As someone familiar with the #WritingCommunity on Twitter, I know the prevalent attitudes and mindset.

Well enough to know the difference between ‘positive reinforcement’ and downright coddling.

Personally, I find such posts to be oddly insulting and borderline patronizing. I’m a writer, and yes, I believe my job has importance. I’ve said countless times that writers can change the world, influence discussion, and make a difference. Sometimes doing that requires bravery and strength.

What I take issue with is Victoria’s statement that art makes the doors. The implication being that art builds societies. Now, there is some truth in that. Without art, society wouldn’t be what it is today. Yet it isn’t just the artists- it’s also the doctors, the plumbers, the builders, the engineers, the educators, the politicians, the philosophers, the mechanics, the drivers, the soldiers, etc. That’s why I find her comments to be rather self-indulgent.

Joi-Marie’s comments are even more offensive. Being an Empath’ doesn’t make you weak, or less able to complete a creative task. Neither does having anxiety, which I am all too familiar with. Whilst I am sympathetic to Joi-Marie’s frustration with people saying ‘Shakespeare wrote masterpieces during a crisis’ I believe she takes her position too far.

Considering Joi-Marie’s tweet was shared among writers who get paid for their work, I take great issue with the implication here. That writers should be ‘excused’ for not producing high quality work as it is a time of crisis is rather perplexing. In response, perhaps publications, patrons and publishers are not required to pay the same amounts.

My point being: This isn’t National Novel Writing Month, where you may be slack and bend the rules. If someone is paying you for your writing, then they may expect a certain level of quality. We’re adults, and we should act like it. As a writer myself, I take pride in my audience, and I would never presume to lower my standards.

It’s also healthy to set expectations for yourself. I’m a writer who typically struggles under competitive environments. Yet they can motivate me and others to write better and produce more work. Writing is not Kindergarten, it’s an actual profession with high standards and a difficult barrier to enter.
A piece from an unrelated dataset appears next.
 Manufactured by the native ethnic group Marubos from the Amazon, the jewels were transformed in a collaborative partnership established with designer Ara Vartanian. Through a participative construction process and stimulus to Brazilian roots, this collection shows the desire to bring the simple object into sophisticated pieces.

When clients hold me to a high standard, I don’t see that as an insult. It’s a sign of respect, as they believe that I’m good enough to meet them.
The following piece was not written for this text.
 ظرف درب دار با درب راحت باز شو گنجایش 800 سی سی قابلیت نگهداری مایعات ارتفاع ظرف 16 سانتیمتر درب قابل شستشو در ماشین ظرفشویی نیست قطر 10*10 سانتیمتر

Again, I am sympathetic to a lot of writer’s struggles. Yet personally, the moment I stopped making excuses for poor behaviour was when I excelled at writing. And isn’t that what we want? To improve storytelling. To create fiction that is powerful and makes a difference. And how are we going to do that if we keep making excuses for ourselves?

I love writing, but I’m under no pretense it’s meant to always be easy and pleasant. Sometimes it’s hard and painful. Well, that’s any profession. I’d hate to see engineers, scientists and philosophers slacking off because of difficult or uneasy parts of their jobs.

By all means, it’s okay to take a break, and to manage your health. Those are crucial parts of being a functional adult. Yet that isn’t the same as weakness.

Earlier in my blog post, I said writing can change the world. It can also warm people’s hearts and motivate individuals to change. Yet I believe literature can’t do those things if the author remains slack and coddled.

It’s up to you, as a writer, on how you approach excuses for writing. I’ve had the pleasure of meeting several writers whilst creating Snowy Fictions and am deeply impressed by their high work ethic and dedication to their craft. Those are the traits that should be encouraged- not self-indulgence.